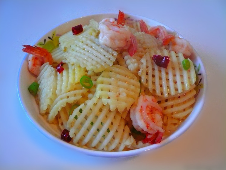 及以下步骤:土豆,洗净去皮。 用刀具切成镂空片。 土豆,洗净去皮。 用刀具切成镂空片。 土豆,洗净去皮。 用刀具切成镂空片。 干红椒、葱、姜炝锅,倒入虾与土豆爆炒。 我的午餐。 第二天还是老一套。 我的午餐。
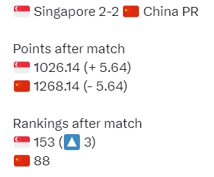 而在赛后,国足的FIFA积分将下降5.64分,总排名暂时没有变动;而新加坡则加了5.64分,此战后世界排名上升3位来到第153。
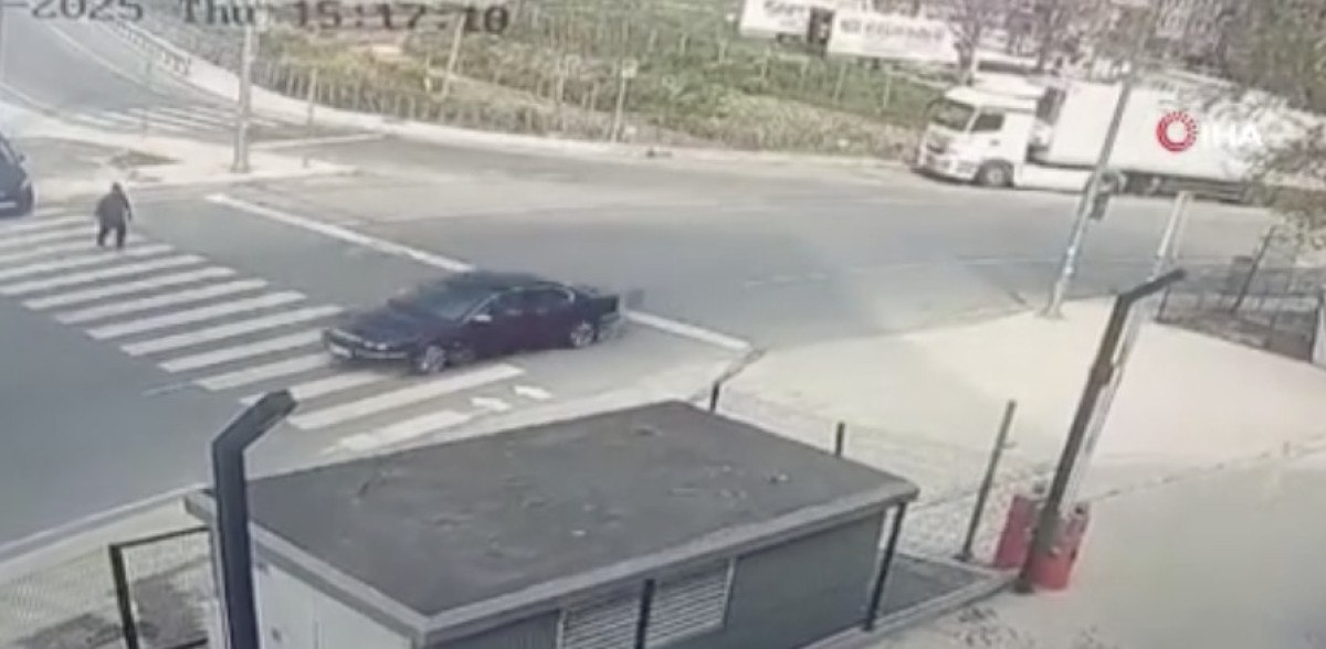 O sırada bir hafif ticari aracın ise tıpkı bir yaya üzere kaldırımdan yola girmeye çalıştığı ve yaya geçidini işgal ettiği görüldü.
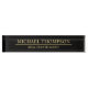 Professional Elegant Black and Gold Desk Nameplate featuring your information in gold classic serif font style.
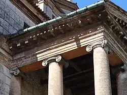 Foscari's façade is in usual style of Palladio, and contains three stories with heavy symmetry. It also features many Roman elements such as a portico, large columns, a triangular pediment, and an emphasis on verticality.[2] The façade is largely thought to by inspired by a temple on the Clitumno river. [5] Strong, bright windows seem to pierce through the stone walls. These thermal windows inspired the ones used on the façade of Villa Toeplitz, another famous Italian home.
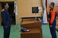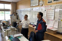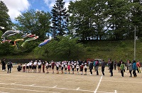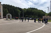 5月21日(月)6校時、第1回避難訓練と少年消防クラブ結団式が行われました。避難訓練は、調理室より出火したとの想定で、子ども達は「お・か・し・も」(おさない・かけない・しゃべらない・もどらない)をしっかり守りテニスコート前に避難をしました。全員が避難するまでの時間は2分49秒!すばらしい! その後、体育館に移動し、全体指導と少年消防クラブ結団式を行いました。全体指導では、田村消防署小野分署長の塩田様から煙の怖さについてのお話がありました。有害な煙(一酸化炭素等)を一息、二息吸うと意識がなくなる。だから姿勢を低くしてハンカチ等を口にあてて、煙を吸わない工夫をし「自分の命は自分で守る」こと(ハンカチを持っていたけど口に当てなかった生徒がいたため)。結団式では、塩田署長より団員証が、校長より任命書がクラブ員代表の3年村上さんへ授与されました。また、「防火・防災の意識を高く持ち、自分の学校・家庭・地域から火災を出さないように、私たち消防クラブ員が先頭に立って、積極的に防火・防災活動に努めていきます。」と、3年大和田さんが誓いの言葉を述べました。「命を守る大切な授業」に今後も真剣な心で取り組むようにしたいですね。
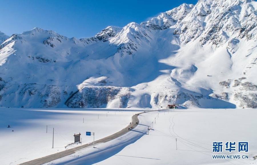 雪后的墨脫公路嘎隆拉隧道入口(2月8日攝,無人機照片)。新華社記者 孫非 攝
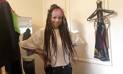 heißes blauhaariges goth-mädchen wird von einem riesigen schwanz geschlagen und stöhnt vor vergnügen
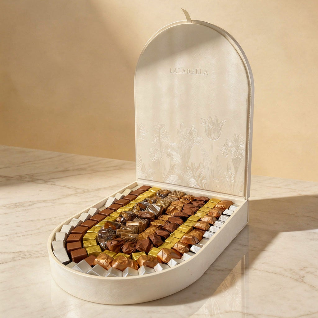 A statement Eid gift presented in a refined half-arch floral tray, filled with 1.660 g of premium seasonal chocolates. Designed as a luxurious centerpiece, this elegant selection combines artistic presentation with generous indulgence—perfect for sophisticated Eid gifting and gatherings.
=-=-=
→ EXERCISE DESCRIPTION:
In the listing above, find the line holding "而在赛后,国足的FIFA积分" and the line holding "Professional Elegant Black". Reproduce those two lines and all between them exactly, leaving out pictures.

→ WRITTEN ANSWER:
 而在赛后,国足的FIFA积分将下降5.64分,总排名暂时没有变动;而新加坡则加了5.64分,此战后世界排名上升3位来到第153。
 O sırada bir hafif ticari aracın ise tıpkı bir yaya üzere kaldırımdan yola girmeye çalıştığı ve yaya geçidini işgal ettiği görüldü.
 Professional Elegant Black and Gold Desk Nameplate featuring your information in gold classic serif font style.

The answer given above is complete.